As we navigate through life, our credit score can often be the difference between getting approved for a loan or not, landing our dream apartment or settling for a less desirable one, and even being considered for certain jobs. To avoid making these mistakes, you must know what to do. This article highlights 9 some of the most frequent credit mistakes, and provides practical tips on how you can address them.
- The Problem of a Co-Signer Without a Plan
Being a co-signer without a plan can put you in a difficult financial situation. Prepare a payment plan before you co-sign a loan.
- Failure to communicate with lenders
Failure to communicate with lenders can result in missed payments and damage to your credit. Reach out to your lenders if you're struggling to make payments.
- Too Many Credit Applications at Once
Applying for multiple lines of credit in a short amount of time can hurt your credit score. To avoid making this mistake, space out your applications for credit.

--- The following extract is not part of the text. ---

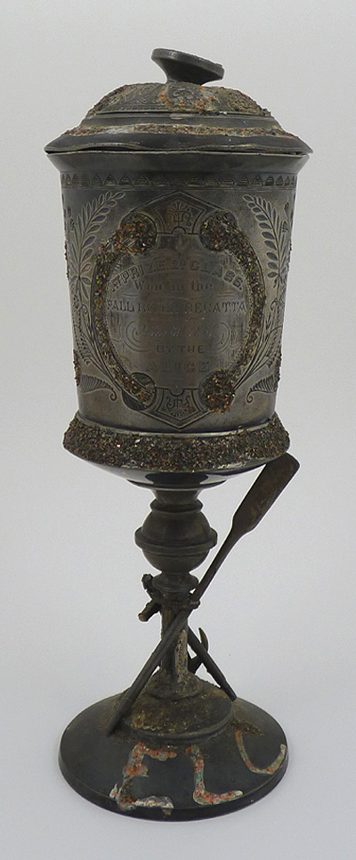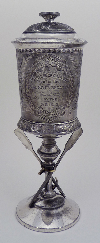 All that glitters? Well, someone got ahold of this Rogers 1881 plated regatta trophy and decided it would look infinitely better with glued 3-dimensional sparkles. When I received it I was horrified, then amused. The customer wanted to donate it to the Fall River (Massachusetts) Historical Society, and requested it be put back to the condition it was in prior to its defacing. I removed the glue and sparkles, reattached the oar section, straighten the cup, removed dents, corrected the body and cover rims, and gave it some major cleaning. It's now ready to be seen by the public with just enough silver remaining to make it presentable. Note: There are three contact points on the finial where there was most likely a sailboat figurine. (This wasn't a rowing event as there are sailboats engraved on the opposite side of the cup.) |
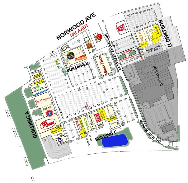 Espace commercial à louer dans le Gateway Town Center, propriété de Gator Investments, à Jacksonville, en Floride. Ce centre d'épicerie est très visible, situé juste à l'est de l'I-95 et est accessible depuis deux sorties d'autoroute. Le Gateway Town Center abrite le terminal public de la Jacksonville Transportation Authority, à l'intersection de la 44e rue ouest et de l'avenue Norwood dans le comté de Duval. Parmi les principaux locataires figurent Winn Dixie, Family Dollar, Rose's Discount Store, Rainbow Clothing, Hibbett Sports, Five Below et Burlington, Dollar Tree étant bientôt disponible. Les locataires nationaux incluent Truist, Footlocker, USPS et Humana. Le réaménagement de certaines parties de la propriété est en cours : des parcelles ancrées, en ligne et indépendantes sont disponibles, et elles seront subdivisées.

- Don't check your credit report
Regularly reviewing your credit report is important to ensure that there aren't any errors or fraudulent activity. The three major credit bureaus offer free access to your credit reports once a yearly.
- In default on Loans
If you default on a credit card, it can severely impact your credit rating. If you are having trouble making payments, contact your lender and ask about repayment options.
- Not Building an Emergency Fund
Missed payments and credit damage can result from not having an emergency reserve. To avoid making this mistake, create an emergency fund.
- Credit Repair Scams: Beware!
Credit repair scams may be tempting but they usually come with high costs and little to no result. You can avoid these scams by working directly with credit repair agencies, or improving your score yourself.
- Maximizing Credit Card Limits
Your credit score can be affected by maxing out your cards. Maintain your credit card utilization rate at less than 30% of total credit.
- Applying for Retail Store Credit Cards
It can be tempting to apply for a retail store credit card, but the cards usually come with high interest rates. Think carefully before applying for these types of credit cards.
Avoiding these credit mistakes, and improving your credit score can help you improve your financial standing. Not only will this help you qualify for loans and better interest rates, but it can also improve your overall financial well-being.
FAQs
What is an excellent credit score?
A credit score of 700 or more is considered good.
How often do I need to check my credit score?
Check your credit report every year.
Paying off a loan before the due date can hurt your credit score.
Paying back a loan earlier can actually increase your credit score. This happens by reducing credit utilization rates and showing lenders you are responsible.
Can I improve my credit score quickly?
While it takes some time to improve credit scores, there are things you can do right away that will show results. For example, paying off your debts or fixing any errors in your credit report.
What should be done if there is an error on my report?
If you find an error on your credit report, you should dispute it with the credit bureau reporting the error and the lender that provided the inaccurate information.